The line containing "Ley Municipal de", plus every line that follows it to the end of the listing below, is what you transcribe exactly; omit all pictures.

**Data**
§ §

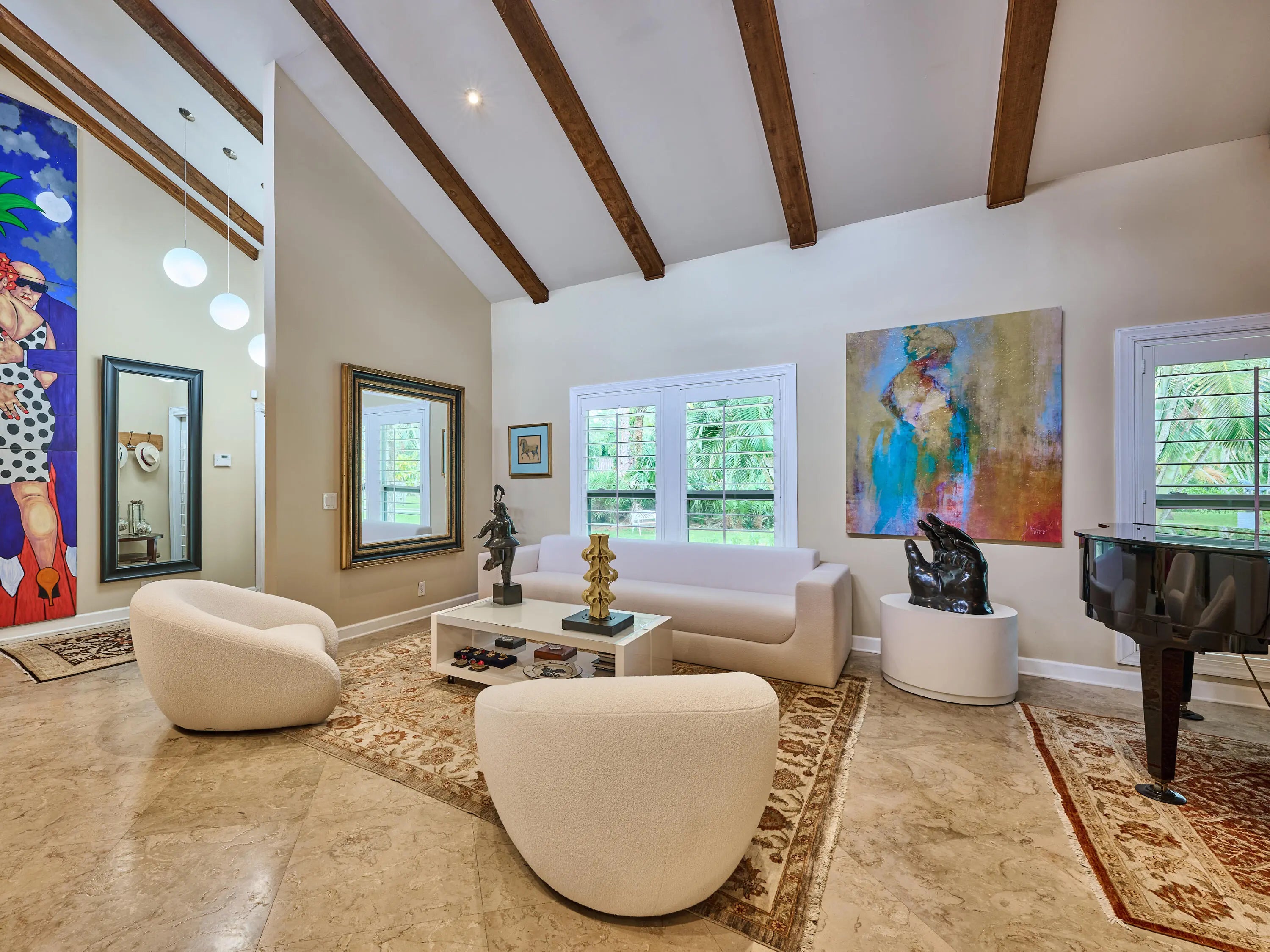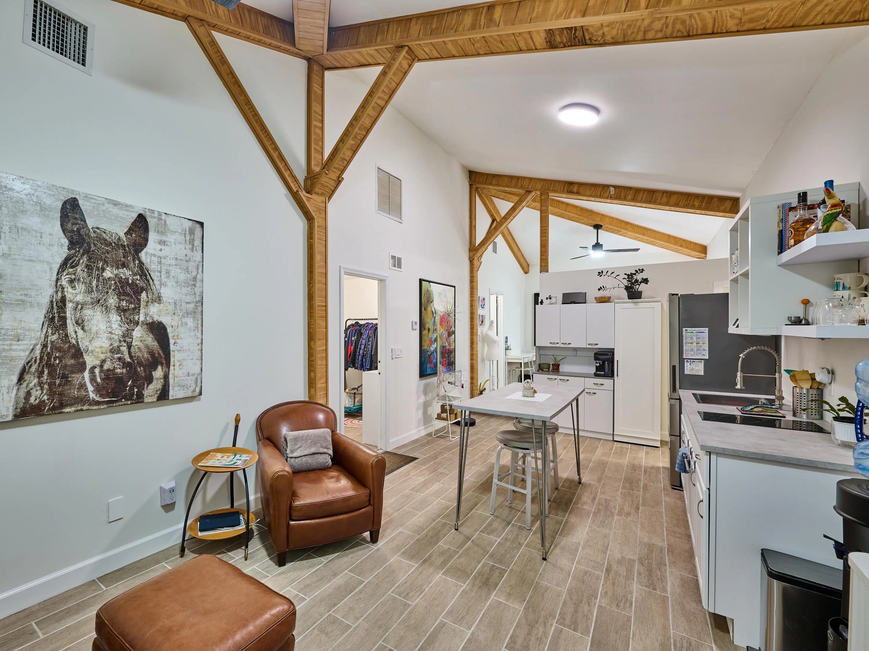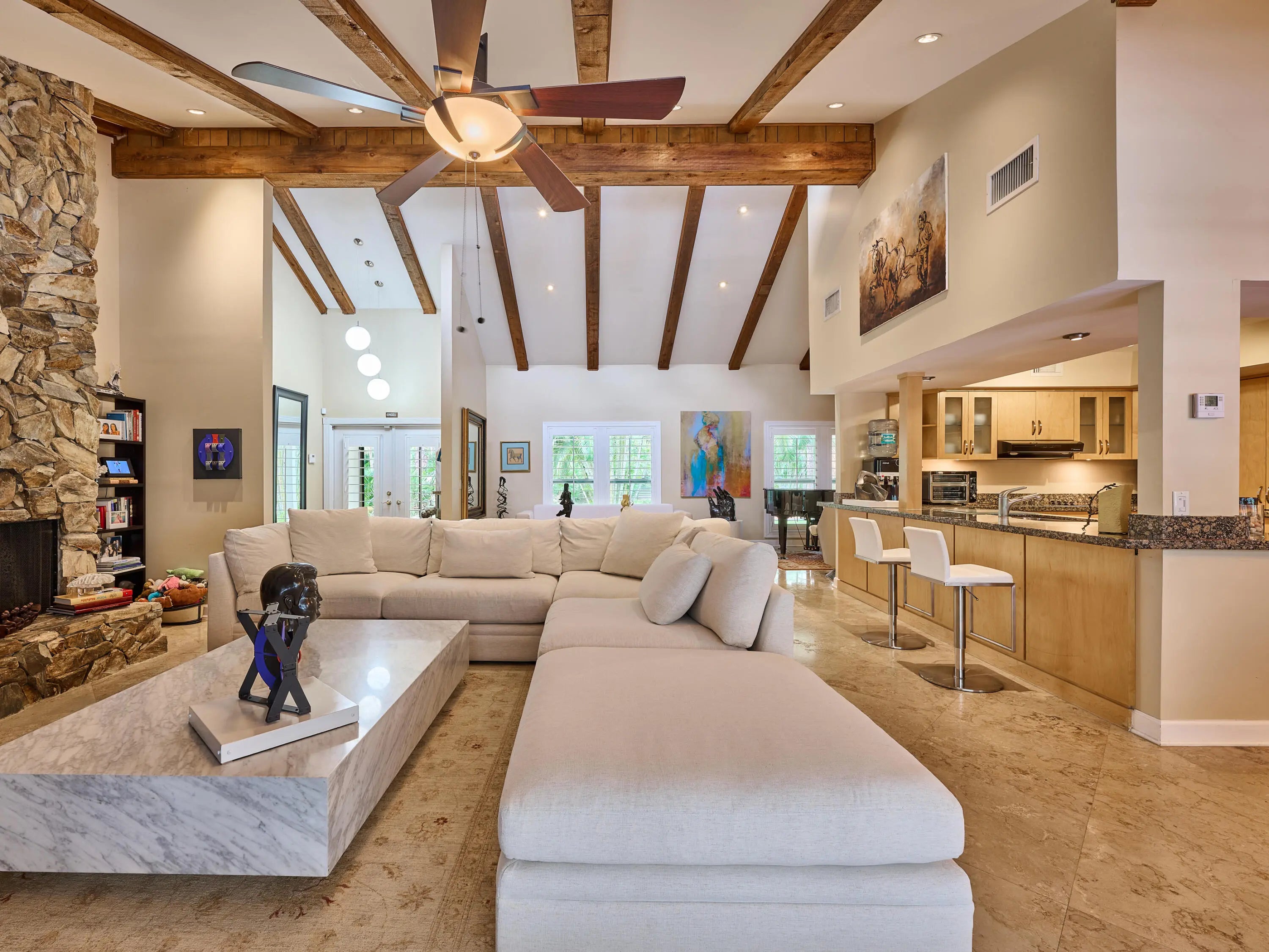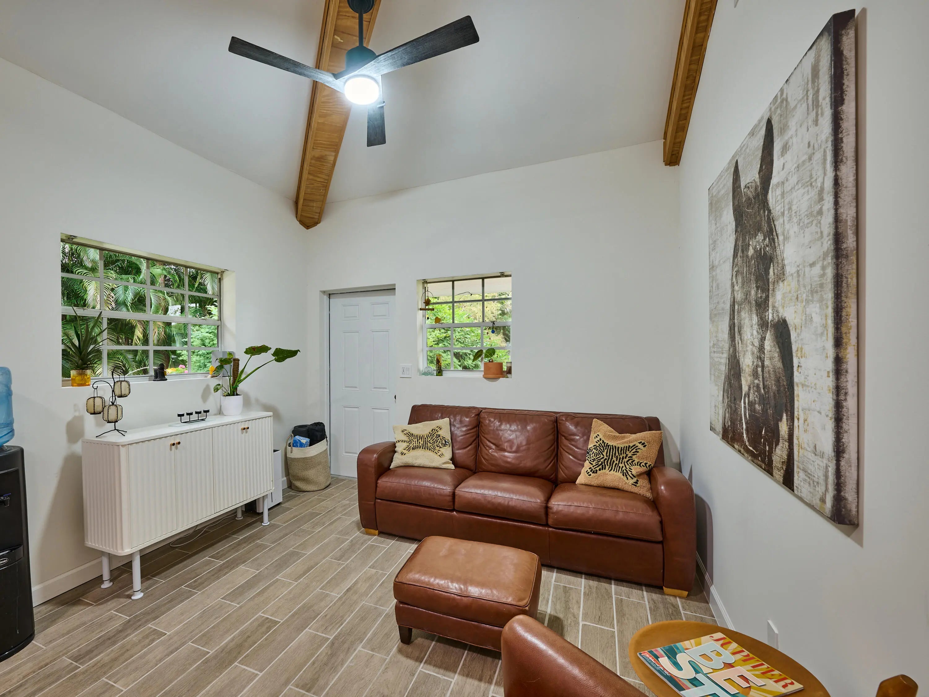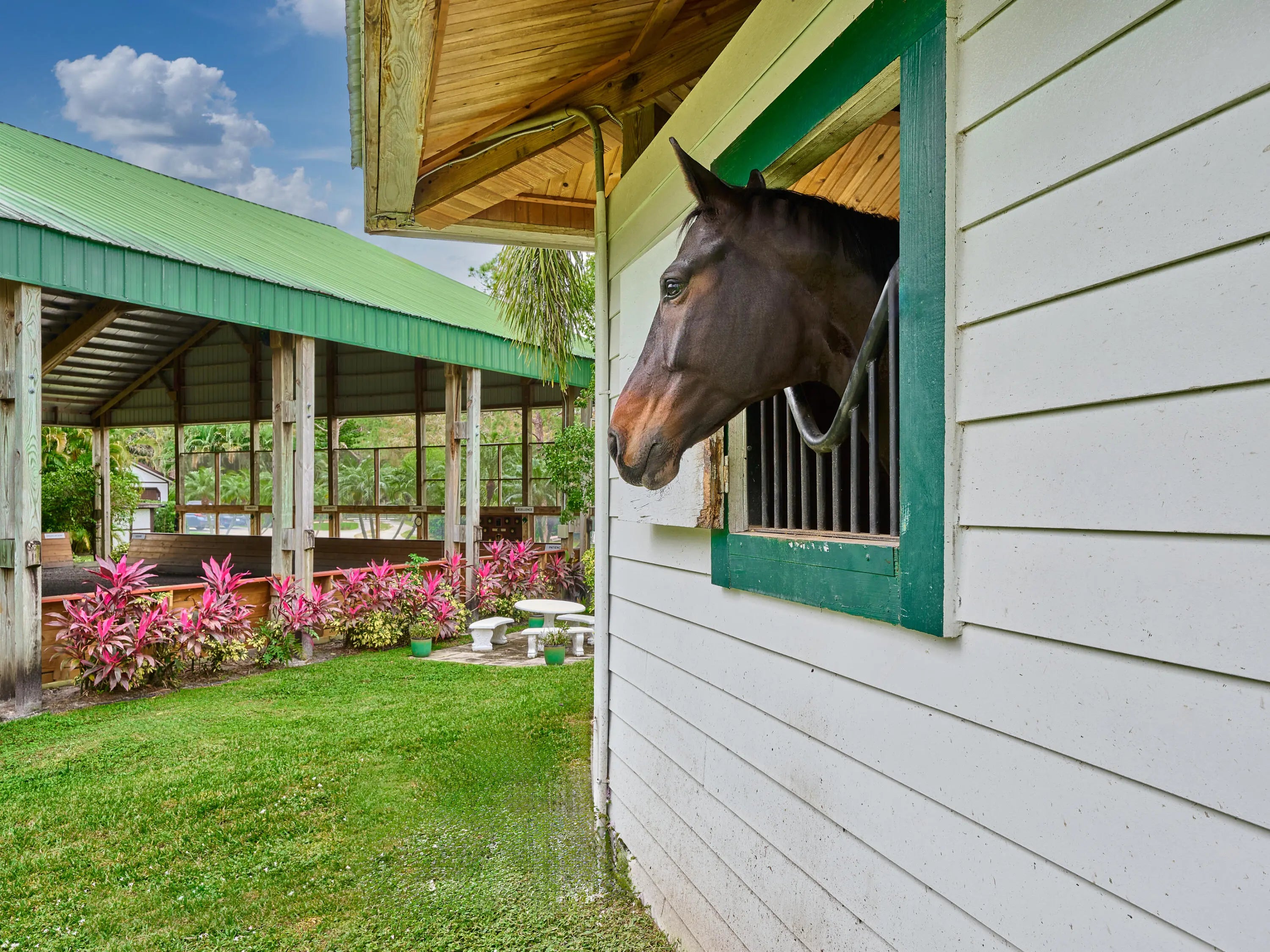 21-Stall + Jupiter Farms Equestrian Estate | Arena + Trainer Apartments. Looking for privacy and acreage in Jupiter Farms where you can live and work with your horses? Welcome to 18238 128th Trail North, Jupiter, FL 33478 -- a one story single family home designed for an equestrian/farm lifestyle featuring barns, training arenas, and rider and trainer quarters on site.This mid century modern home offers 3 beds, 3 baths, and 2,182 sq ft with vaulted ceilings, clerestory windows, tile floors, fireplace, and updated kitchen with granite. Two ensuite baths add comfort. Step outside to a screen enclosed pool and fenced 4.54 acres. The 11,000 sq ft stable includes a 21 stall center aisle barn with wash racks, tack room/office, 4 studio apartments, plus additional 3 stall barns. The 4.54-acre property boasts breathtaking grounds, including stables, paths and a phenomenal 14,000 under-roof sqft, cushioned, regulation dressage/riding arena with newly installed HUGE ceiling fans to keep horses and owners COOL on hot day s! Horse lovers, welcome to paradise with an 11000 sft. 20 spacious stall stable featuring 1 main apartment, freshly remodeled with a contemporary living area, full kitchen, luxurious bath, and a lovely screen enclosed porch. The stable is also home to 3 additional rider rooms with full baths, 3 tack rooms, feed room, laundry room and additional community full bathroom. All stalls equipped with ceiling fans and rubber mats to keep your equine family cool and comfortable. There are multiple cold water wash racks with seperate grooming spaces. Manage all of your needs or lease individual spaces for income! There are 3 additional REMOVABLE barn sections, one with 3 stalls and space for tack room, another with 2 stalls and tack room and tool room and a third with 3 stalls and a space for tack next to it. The roofs of these stalls have been updated in the past 4 years. This unparalleled estate offers plenty of room for animals, yours and boarders, 2 turnouts which are expandable and/or reconfigurable, and so much more. 2 wells, 2 septic tanks, and 2 generators (one for the home and one for the barn), you'll have everything you need. PLUS, a new roof on the single family home in June of 2024! The property is fully functional, fenced and gated, ensuring privacy and security in this idyllic community known as "The Farms." The property access is impeccable from 128th Trail to 127th Trail, no turnaround required and securely gated at both points. Jupiter and the nearby Riverbend Park (a 7minute ride away) offer scenic riding trails. You can ride through peaceful woods, along riverbanks, or nature preserves. Equestrian parks in Palm Beach County also provide trails for riders of all levels. Jupiter is 40 minutes from Wellington, the "Winter Equestrian Capital of the World," home to top-tier events like Winter Equestrian Festival, one of the largest and longest-running equestrian events in the world and the Global Dressage Festival a premier event for dressage riders showcasing world-class performances as well as a hub for polo matches. Equestrian properties in Jupiter combine rural charm with modern conveniences offering a relaxed lifestyle while being close to beaches, restaurants, and shopping. Owning horses in Jupiter combines a fantastic lifestyle with the perks of equestrian living, natural beauty, community, and premier facilities, making it an ideal location for horse enthusiasts. This amazing property truly has something for everyone, whether you're an equestrian enthusiast, investor, prospective business owner or looking for a unique retreat! To truly appreciate all this property has to offer, you must see it for yourself! This incredible property offers the best of all worlds. Reach out today and schedule your private tour of this surprising residential property, aspiring new business opportunity or investment property. Single Family Home is 3BR/3Full Baths, 2182sft. under air. Additional living square footage in stable: (1955sft.) and baths (5) in stable and under a/c (3 studio apartments and 1 1BR Full apartment with living, kitchen bedroom and screen enclosed porch). The Perfect Price for Your Perfect Place. Call now to schedule your private tour.
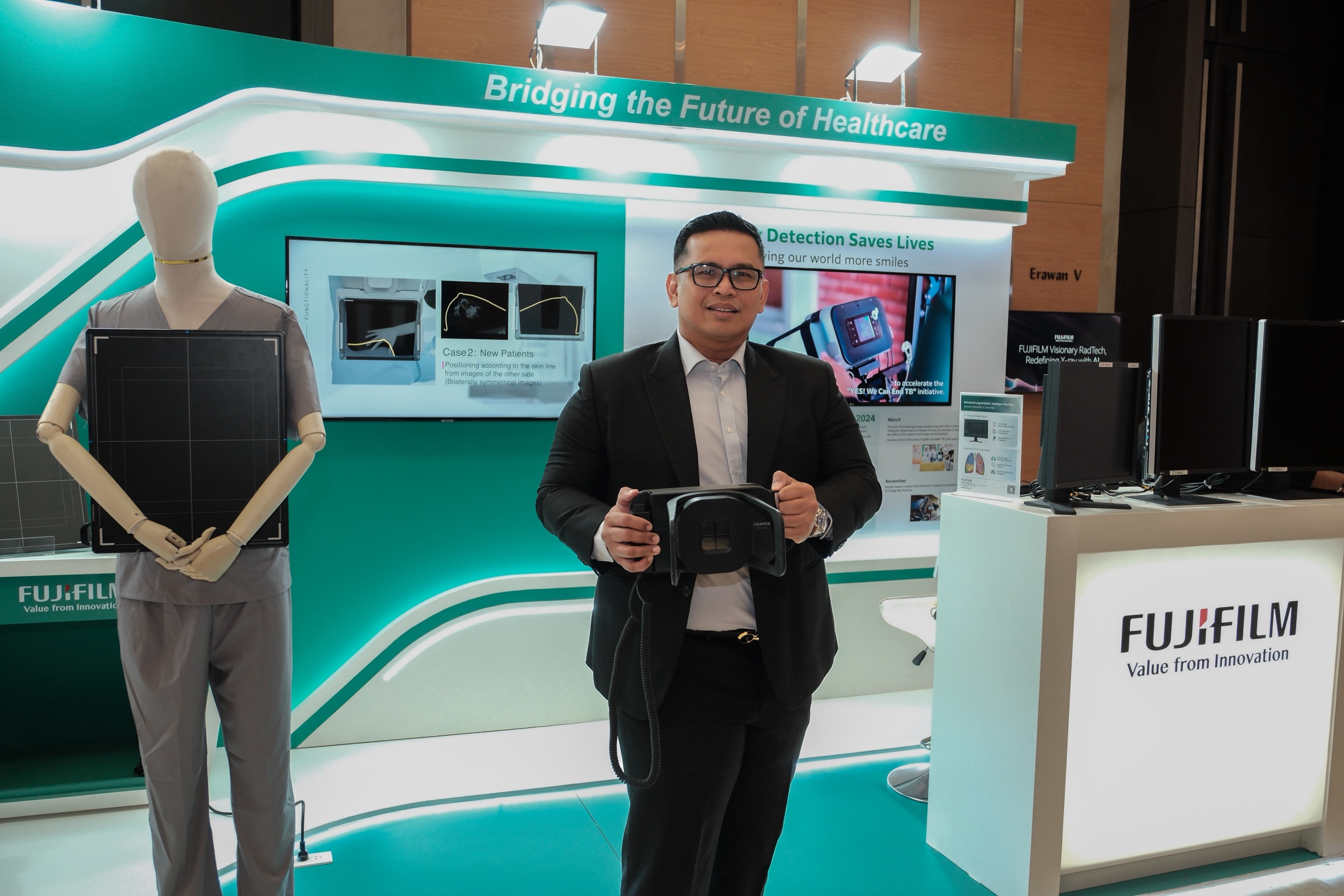 ในโอกาสนี้ ฟูจิฟิล์มยังได้เปิดตัวผลิตภัณฑ์เรือธงสองรุ่นใหม่ในตลาดประเทศไทยเป็นครั้งแรก ได้แก่ FDR Visionary Suite และ FDR Go iQ โดย นายรัชกฤช เต็มบุญศักดิ์ หัวหน้าหน่วยธุรกิจทางการแพทย์และสุขภาพ ดูแลในส่วนเครื่องเอกซเรย์และไอที บริษัท ฟูจิฟิล์ม (ประเทศไทย) จำกัด เผยว่า “FDR Visionary Suite คือระบบเอกซเรย์ดิจิทัลระดับไฮเอนด์ที่ให้ภาพคมชัดด้วยเทคโนโลยีเฉพาะ Irradiated Side Sampling (ISS) ของฟูจิฟิล์ม โดยรุ่นอัปเกรดใหม่มาพร้อมฟีเจอร์กล้อง Live view ที่ช่วยยกระดับการดูแลผู้ป่วยและลดความเสี่ยงในการตรวจ ระบบ Motion Detection และ Last Image View จากฟีดถ่ายทอดสดช่วยลดการถ่ายภาพซ้ำ ขณะที่ระบบจัดท่าอัตโนมัติที่ขับเคลื่อนด้วย AI สำหรับการถ่ายภาพทรวงอก ช่วยเพิ่มความแม่นยำและประสิทธิภาพสำหรับแผนกรังสีวิทยาที่มีผู้ป่วยเป็นจำนวนมาก เทคโนโลยีนี้เข้ามาช่วยลดการถ่ายภาพซ้ำ ย่นระยะเวลาการตรวจ และสร้างประสบการณ์ที่ดีขึ้นสำหรับผู้ป่วยที่อาจกำลังเจ็บปวดหรือรู้สึกกังวล”
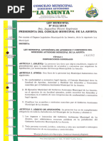 Ley Municipal de Aprobación del Reglamento General por el Concejo Municipal.
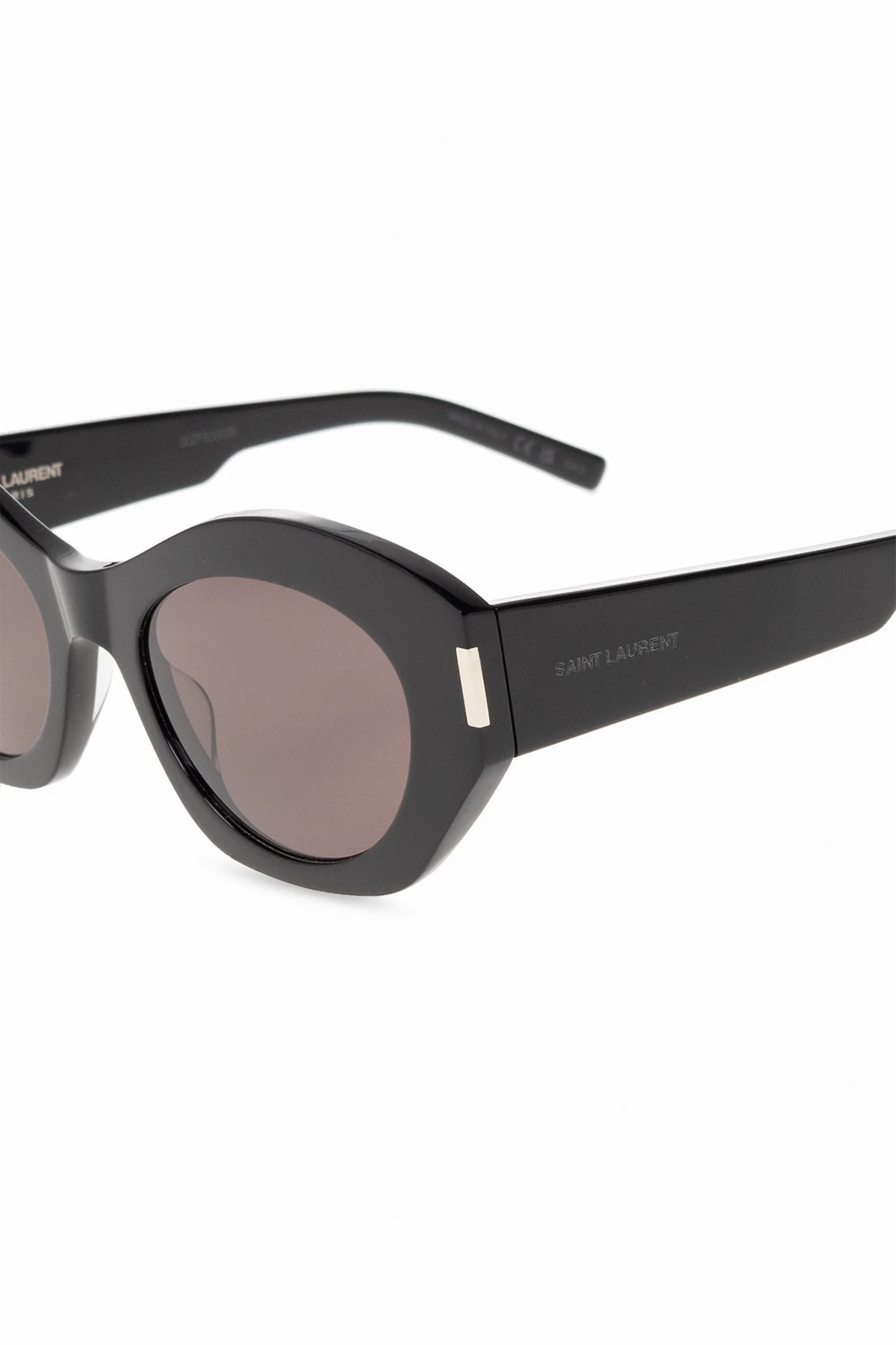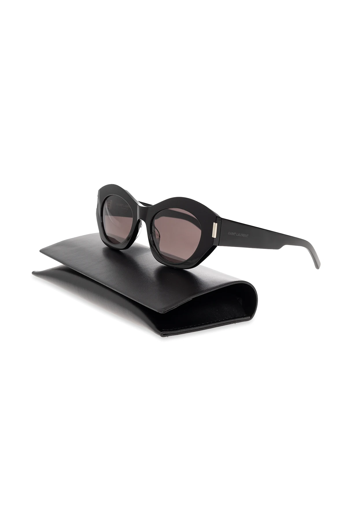 Czarne okulary przeciwsłoneczne, model ‘SL639’ Saint Laurent. Oprawki ozdobione wygrawerowanym logo. Metalowe detale w kolorze srebrnym. Czarne, nylonowe soczewki ze 100% ochroną przed promieniowaniem UV. Dołączone etui.

§ §

**Result of the task**
 Ley Municipal de Aprobación del Reglamento General por el Concejo Municipal.
 Czarne okulary przeciwsłoneczne, model ‘SL639’ Saint Laurent. Oprawki ozdobione wygrawerowanym logo. Metalowe detale w kolorze srebrnym. Czarne, nylonowe soczewki ze 100% ochroną przed promieniowaniem UV. Dołączone etui.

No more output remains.